■ Data for this exercise:
--- START ---

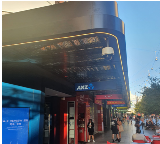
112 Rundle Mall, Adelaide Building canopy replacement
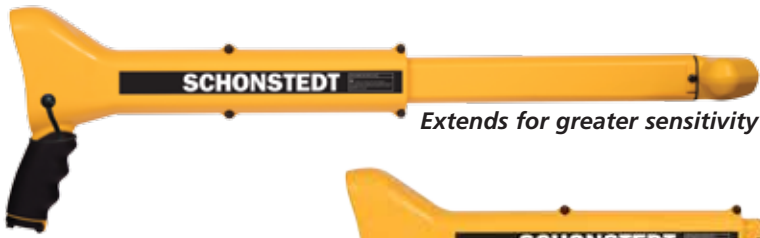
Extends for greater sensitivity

--- END ---
--- START ---

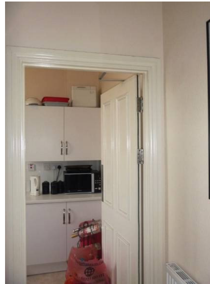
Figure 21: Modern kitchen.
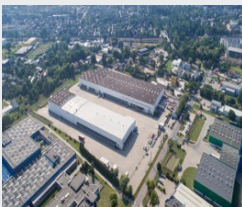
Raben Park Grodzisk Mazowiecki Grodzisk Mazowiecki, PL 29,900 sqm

--- END ---

■ Exercise goal:
Go back to the listing above and reproduce, exactly, the stretch from the line bearing "112 Rundle Mall, Adelaide" through the line bearing "Extends for greater sensitivity", without its pictures.

■ Output of the task:
112 Rundle Mall, Adelaide Building canopy replacement
Extends for greater sensitivity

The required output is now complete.